I have written here and other places on Amy Edmondson's wonderful research on how, when nurses feel as if they have psychological safety, they openly talk about and try to correct drug treatment errors, but when they work in a climate of fear, they are afraid to even admit when they have made mistakes — which led to a rather bizarre finding in Amy's early research that in nursing units where people felt safe, even compelled,to talk about and learn from mistakes, they reported ten times more errors than in a nursing unit where the supervisor slammed nurses who admitted or where "caught" making mistakes.
This morning's San Francisco Chronicle reports an equally fascinating study on reducing drug treatment errors. This one focuses on the evils of interruptions, which as research by Gloria Mark shows, slows and undermines performance, and creates great job stress. As the article reports "A UCSF program to improve accuracy in administering drugs – with
particular emphasis on reducing interruptions that often lead to
mistakes – resulted in a nearly 88 percent drop in errors over 36
months at the nine Bay Area hospitals, according to results being
released today." The cool thing about the article is that the nurses at different hospitals invented different local methods for reducing interruptions, to the vest you see pictured above to covering windows so colleagues couldn't see them (and thus run in and interrupt them), to developing quiet zones, or quiet times during drug administration. Note that drug treatment errors are huge problem, resulting in over 400,000 preventable injuries per year and 3.5 billion in costs. So a 88% reduction is huge.

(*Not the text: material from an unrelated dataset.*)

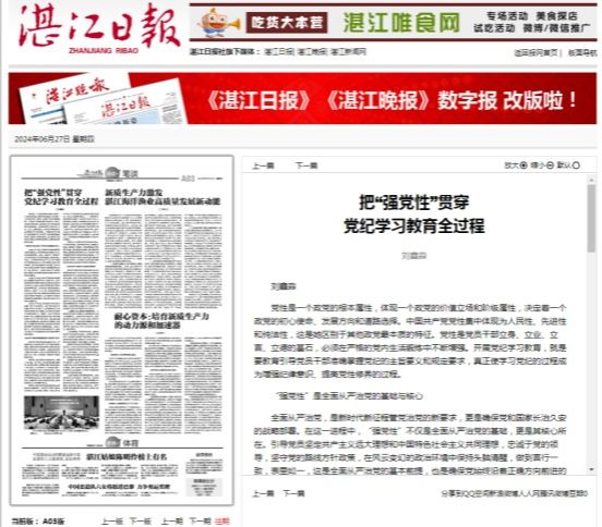 《湛江日报》发表刘鑫淼院长文章:《把“强党性”... 06-29http://paper.gdzjdaily.com.cn/html/2024-06/27/content_61645_976436.htm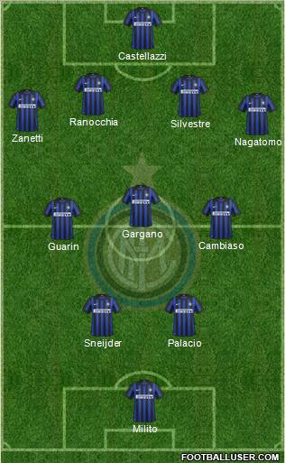 Castellazzi · Ranocchia · Silvestre · Zanetti · Nagatomo · Gargano · Cambiaso · Guarin · Sneijder · Palacio · Milito

This research is also fascinating to me because it shows how, so often, when people say they are too busy, don't have enough money, or their will be resistance to change that these are excuses, or worse yet, negative self-fulfilling prophecies. In particular, I think that people — especially managers — often use spending money as a substitute for thinking, when inexpensive and low-tech solutions work just fine. I am looking forward to digging into this research further.